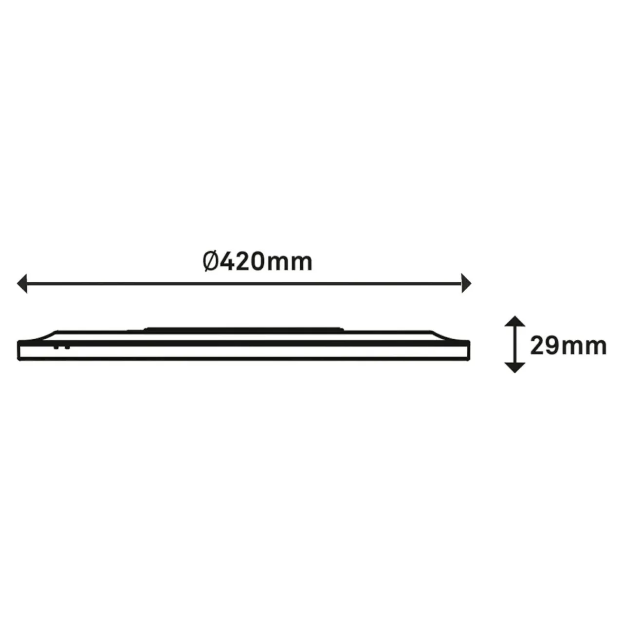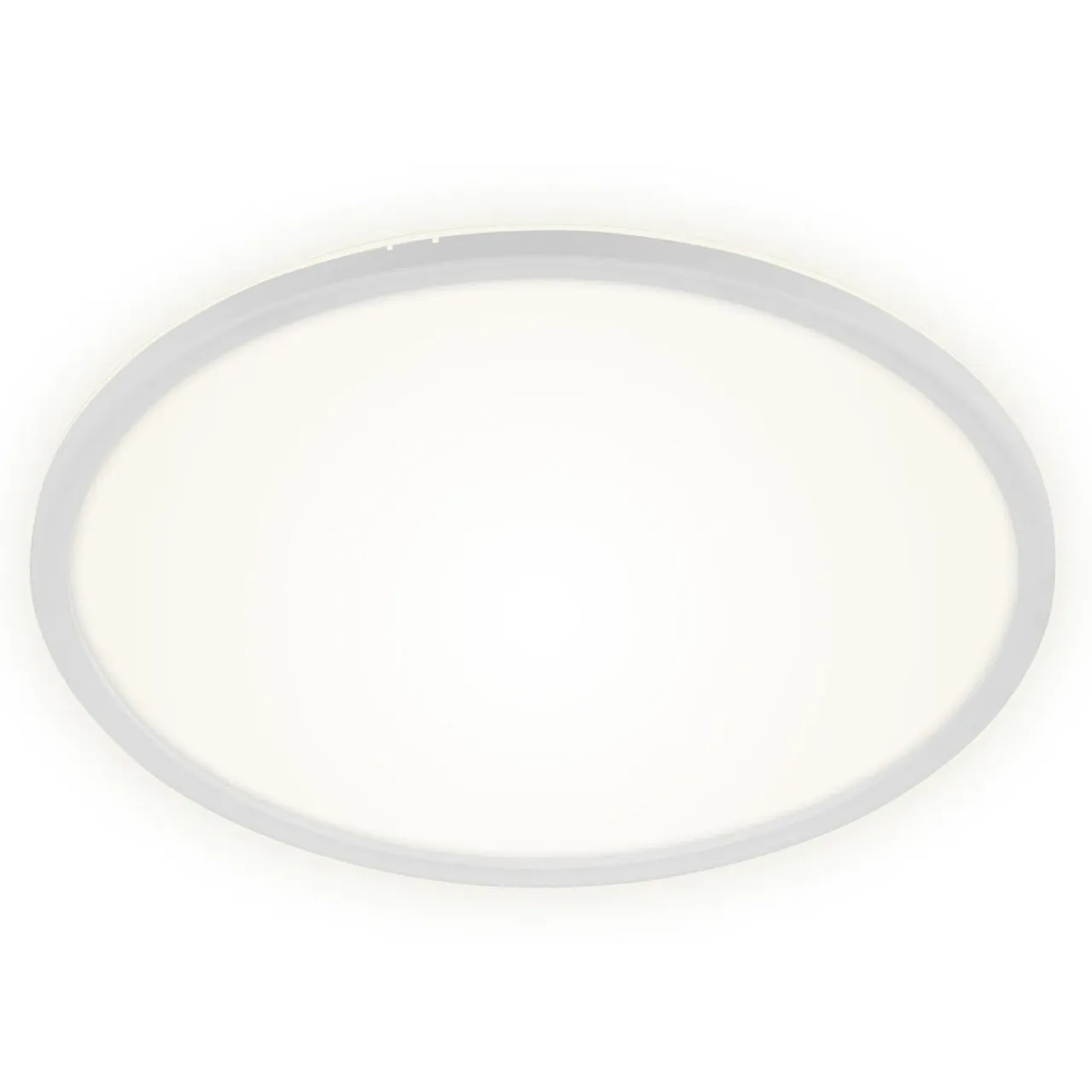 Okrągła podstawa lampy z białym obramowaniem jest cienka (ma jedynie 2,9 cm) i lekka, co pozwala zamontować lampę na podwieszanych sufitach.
__________
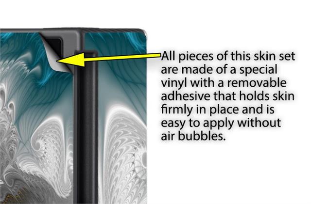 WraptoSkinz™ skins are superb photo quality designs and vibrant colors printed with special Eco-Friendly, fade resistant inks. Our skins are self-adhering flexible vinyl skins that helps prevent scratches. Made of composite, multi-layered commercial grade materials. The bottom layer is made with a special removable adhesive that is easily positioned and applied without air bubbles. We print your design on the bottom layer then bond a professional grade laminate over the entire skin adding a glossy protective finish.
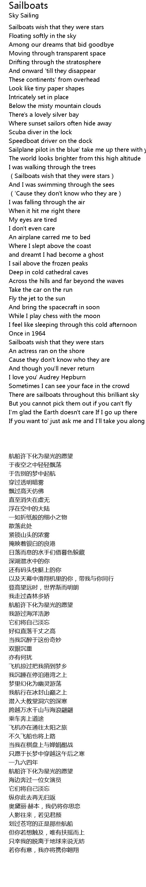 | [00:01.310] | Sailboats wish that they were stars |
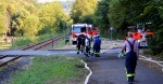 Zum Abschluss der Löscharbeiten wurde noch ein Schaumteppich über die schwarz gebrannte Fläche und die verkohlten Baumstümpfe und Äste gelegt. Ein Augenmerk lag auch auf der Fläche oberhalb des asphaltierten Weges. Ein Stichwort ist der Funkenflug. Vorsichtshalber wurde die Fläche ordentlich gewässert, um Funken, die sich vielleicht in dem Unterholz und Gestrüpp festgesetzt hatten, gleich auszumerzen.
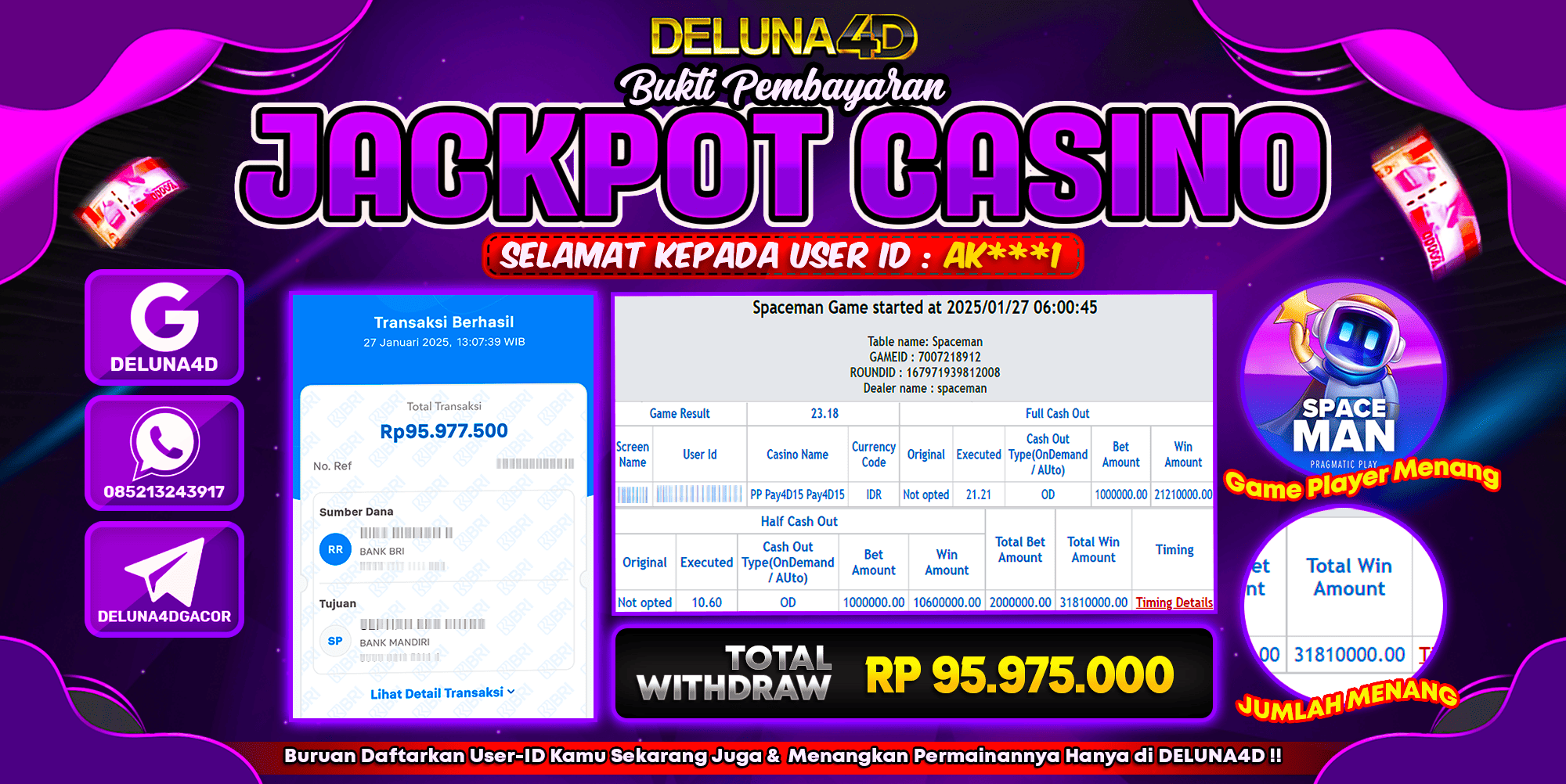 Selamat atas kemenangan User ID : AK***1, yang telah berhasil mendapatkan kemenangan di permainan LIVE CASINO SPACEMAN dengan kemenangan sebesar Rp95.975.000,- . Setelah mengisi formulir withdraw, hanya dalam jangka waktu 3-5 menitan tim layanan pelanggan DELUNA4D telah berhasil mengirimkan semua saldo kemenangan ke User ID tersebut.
__________
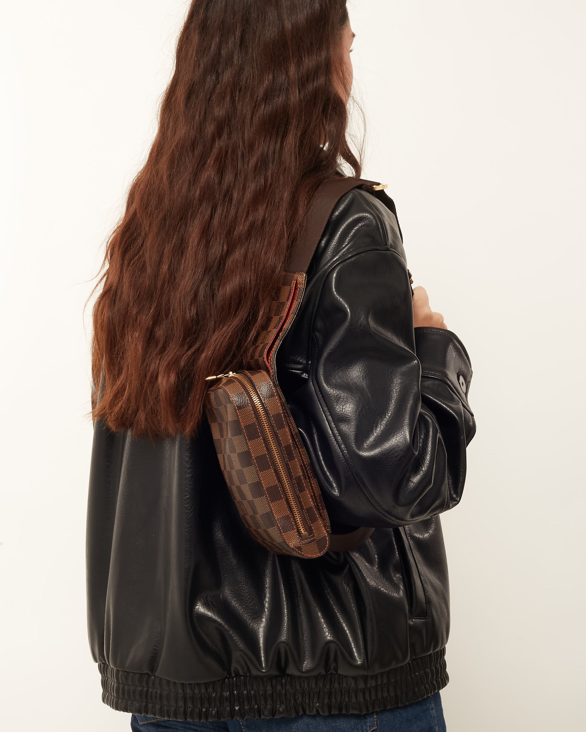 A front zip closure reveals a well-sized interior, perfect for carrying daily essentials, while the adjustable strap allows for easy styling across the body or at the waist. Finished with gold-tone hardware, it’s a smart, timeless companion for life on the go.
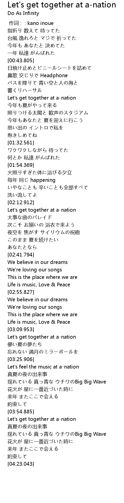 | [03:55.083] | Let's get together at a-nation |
__________
**Requirement**. Leaving out each picture, repeat exactly the lines above from the one that contains "A front zip" through the one that contains "at a-nation |".

**Result of the task**.
 A front zip closure reveals a well-sized interior, perfect for carrying daily essentials, while the adjustable strap allows for easy styling across the body or at the waist. Finished with gold-tone hardware, it’s a smart, timeless companion for life on the go.
 | [03:55.083] | Let's get together at a-nation |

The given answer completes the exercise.